Are we better off emailing or calling? (Our Guidance Counselor said to call…)

There is no “right” answer to this. Do whatever you and your student feel most comfortable with.

We’ve seen families handle appeals both ways (phone calls vs emailing) and both have been successful.

Should appeal letters be from the student or parent?

We’ve found it’s most effective if appeal letters (emails, actually) come from the student.

Parents can and should help their students draft the email, but students should try to handle as much of the process as possible.

If a student chooses to call the college (whether admissions or financial aid), it’s best if the student initiates the conversation with parents participating as well.

Do you put in the yearly amount offered or the full amount of the scholarship?

When comparing merit scholarship offers calculate what percent of the tuition and room & board the scholarship amount represents.

For example:

School A Merit Scholarship = $15,000

School A Tuition, Room & Board = $65,000

Merit Scholarship % = 23%

School B Merit Scholarship = $10,000

School A Tuition, Room & Board = $35,000

Merit Scholarship % = 29%

When sharing the details of another merit scholarship it’s important to share what percent of the tuition and room & board the scholarship represents, in addition to the dollar amount. You can stick with just sharing what the yearly amount is and don’t need to provide the full four-year amount.

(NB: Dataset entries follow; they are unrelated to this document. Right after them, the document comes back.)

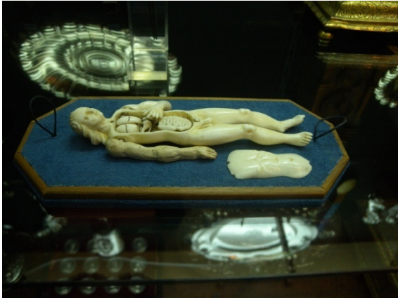
Pour les leçons d'anatomie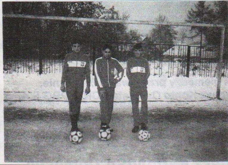
Reprezentanci Polski po treningu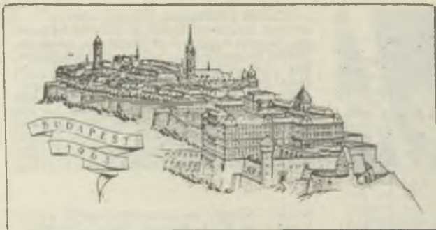
Gál Ferenc rézmetszete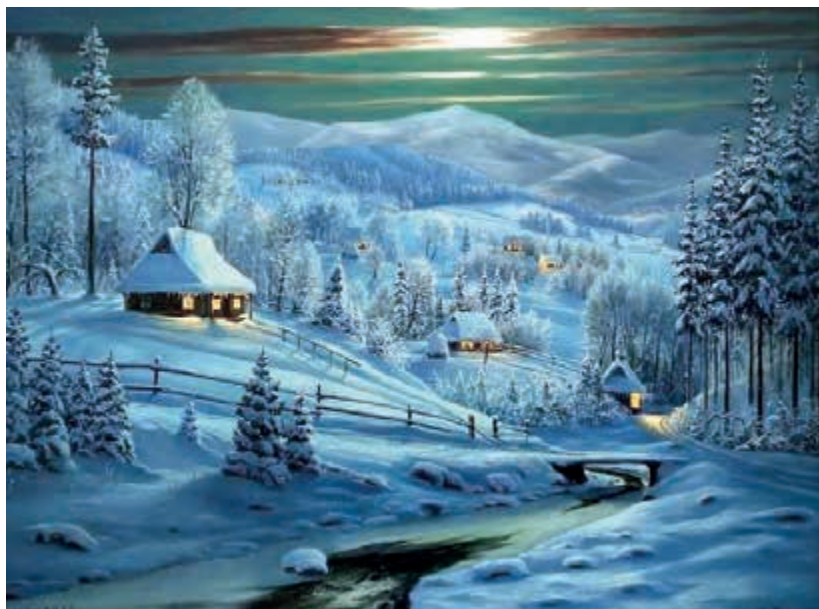
Картина художника Андрія Репети, м. Косів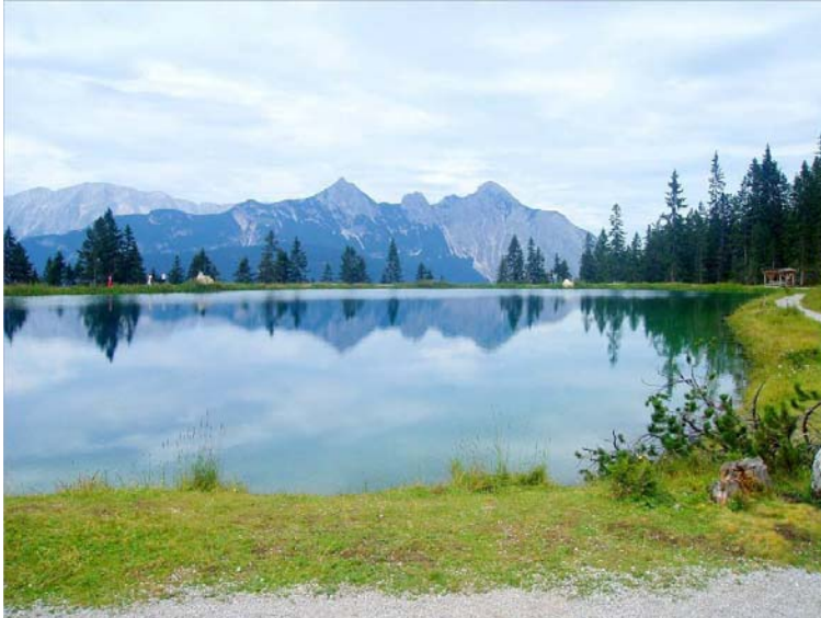
Foto: Paesaggio austriaco

La sera della vigilia di Natale ci fu un servizio meraviglioso e la chiesa era quasi piena. La musica era magnifica e lo spirito felice. Al termine, il pastore e sua moglie salutarono all'uscita ciascun intervenuto e molti dissero che sarebbero ritornati. Un uomo anziano, che abitava nelle vicinanze, era rimasto seduto nella panca a guardare fisso il muro di fronte... Il pastore gli chiese come mai non usciva.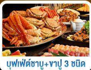
บุฟเฟ่ต์ซาบู+ซาบู 3 ชนิด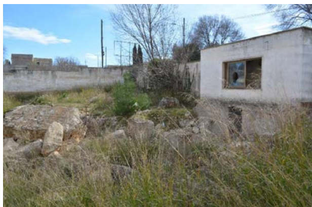
Comune di Castellana Grotte

Do we share a copy of the merit scholarship letter we got from the other college, and disclose exactly what has been offered, or do we keep that close to the vest?

There’s no need to share the letter from a different school, but you can disclose the exact amount your student was offered. It’s also good to be specific and ask for a reasonable amount of additional funds that will make it likely that your student will choose the school and attend.

Is it worth appealing a financial aid offer from an Ivy League school by sharing a full ride scholarship from a flagship state school?

No – Ivy and other generous schools that meet 100% of demonstrated need do not offer merit scholarships and do not match merit scholarships offered by other schools.

Elite schools will usually match another elite school’s need-based aid, if their offer was lower.

Miscellaneous Questions

Does deferral mean that the student is ineligible for the merit scholarship?

If your student is deferred it just means they were not accepted during the early admissions process and their application will be reviewed again during the regular decision phase.

Your student can still receive merit scholarships if they are accepted during regular decision.

I have a student in college who has award money already in place, but his sibling is making things extra tight. Should we consider appealing for the student who is already in attendance at a college?

If your financial situation has changed while your student is already enrolled at a college, you should appeal to financial aid outlining and documenting why and how things have changed.

If our student has auditioned and is being considered for a music scholarship, and already has academic merit offers, can we appeal the academic offer now or is that a bad idea?

It’s probably best to wait to know all the scholarships your student is being offered from the school before appealing.